It was journalist Jeffrey Goldberg, as moderator of a recent program at New York’s Museum of Jewish Heritage, who mused in jest that news items about Palestinian casualties might ideally be prefaced as follows: “Partially as a result of the Palestinian Arab refusal to accept the UN partition plan of 1947, X Palestinians were killed today….”
That is the historical context for the armed conflict between the sovereign State of Israel and Palestinian Arabs. This conflict was renewed with the violent reaction to the failed Camp David talks in the summer of 2000. I know that this is a simplification of a complex history; I do not exonerate Jewish parties and Israeli governments of responsibility for bad deeds, bad decisions and even instances of bad faith — but it’s still essentially true. And it’s this context of the Al-Aksa Intifada of the early 2000s that has led to the construction of the security barrier and the huge increase in number and perniciousness of checkpoints in the West Bank. It’s this context that our guest, Hana Barag of Machsom Watch, missed making absolutely clear when she spoke of the humanitarian issues raised by checkpoints.
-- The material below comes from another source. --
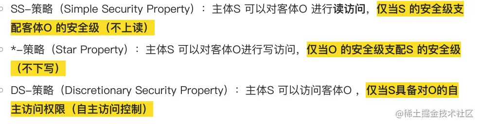*-策略对系统可⽤性的影响:高安全级的主体只能⽣产高安全级的信息;有的系统可能⽆法正常运转;

I believe that the case for Israel is morally strengthened if this matter of context is remembered more often. Blu Greenberg – a writer and Orthodox feminist activist who spoke at the “Is It 1938, Again?” conference on the state of world Jewry at Queens College of the City University of New York, April 22-23 – spoke about context (mentioning the need to counter “half truths”) in the “war of narratives” that Israel is currently losing. Unfortunately, however, Ms. Greenberg’s notion of truth and half truth is very conventional, giving Israel far more credit than it deserves in the pursuit of peace — a quest that Israel has made inconsistently, incompetently, and sometimes even insincerely. There’s plenty of blame to go around for all sides in this sorry history and this makes me and my Meretz colleagues almost alone among a world full of both supporters and detractors of Israel who agree only that the “other side” is at fault.
Where Blu Greenberg was entirely correct, however, is in recounting how an Egyptian-American feminist colleague traveling with her some years back insisted that Israel was at fault for all of the wars. When Greenberg countered this argument, her companion retreated to insisting that Israel was guilty simply for being there. Mind you, Israel really doesn’t need the other side to grant it the ‘right to exist’; what it absolutely requires, however, is that the other side stop disputing its existence. It’s sad that the conflict is still in part about something so basic.
At Queens College on April 22, I again caught up with Prof. Michael Walzer, the political philosopher at the Institute for Advanced Study in Princeton, NJ who is also a member of the Meretz USA advisory board. He raised hackles and hecklers, even with his measured words, for speaking of Israel’s “ethnic cleansing” of Palestinians as part of the initial problem. I happen to agree. I audibly raised hackles myself (but anonymously) with a written question, read from the podium, in which I suggested that since most checkpoints are well within the West Bank and not along the border with Israel, the checkpoints are more “punitive” than “protective.” Most American Jews are ill prepared to concede such hard truths.
I will say more in another posting about this event, including more on Michael Walzer and Prof. Moshe Halbertal, Alan Dershowitz and others.